In your copy of the data, include no pictures and alter nothing else.

SUPPLIED MATERIAL:
______
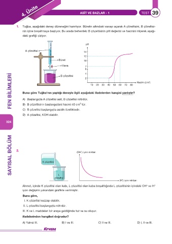 1. Tuğba, aşağıdaki deney düzeneğini hazırlıyor. Büretin altındaki vanayı açarak A çözeltisini, B çözeltisi-
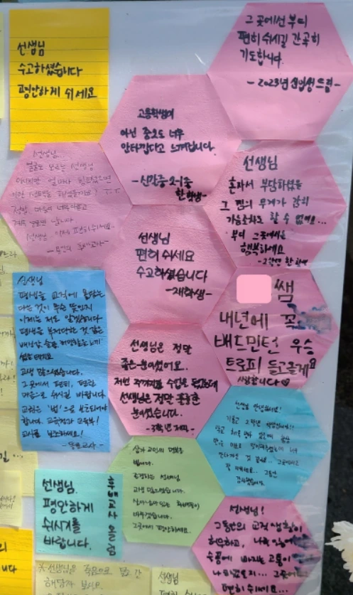선생님을 기억하고 그리워하는 마음이 담긴 쪽지들이
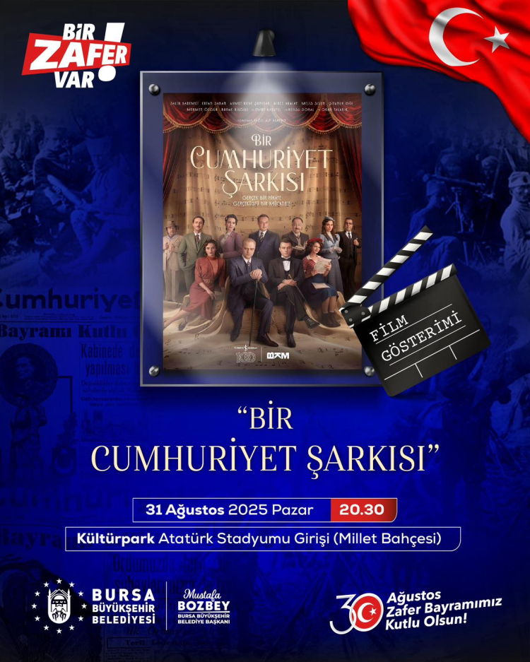 Nâzım Hikmet’in Kuvâyi Milliye Destanı’nın okunacağı Millet Bahçesi’nde, sevilen sanatçı Göksel’in sahne almasıyla coşku doruğa çıkacak. 31 Ağustos Pazar günü ise saat 20.30’da Kültürpark Atatürk Stadyumu girişinde ‘Bir Cumhuriyet Şarkısı’ film gösterimi yapılacak.
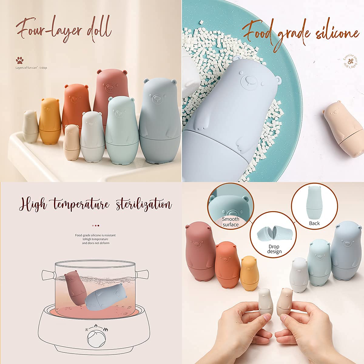 • Q: What materials are the nesting dolls made from? A: These nesting dolls are made from high-quality silicone, ensuring they are durable, safe, and easy to clean for young children.
______
FINISHED TASK:
 1. Tuğba, aşağıdaki deney düzeneğini hazırlıyor. Büretin altındaki vanayı açarak A çözeltisini, B çözeltisi-
선생님을 기억하고 그리워하는 마음이 담긴 쪽지들이
 Nâzım Hikmet’in Kuvâyi Milliye Destanı’nın okunacağı Millet Bahçesi’nde, sevilen sanatçı Göksel’in sahne almasıyla coşku doruğa çıkacak. 31 Ağustos Pazar günü ise saat 20.30’da Kültürpark Atatürk Stadyumu girişinde ‘Bir Cumhuriyet Şarkısı’ film gösterimi yapılacak.
 • Q: What materials are the nesting dolls made from? A: These nesting dolls are made from high-quality silicone, ensuring they are durable, safe, and easy to clean for young children.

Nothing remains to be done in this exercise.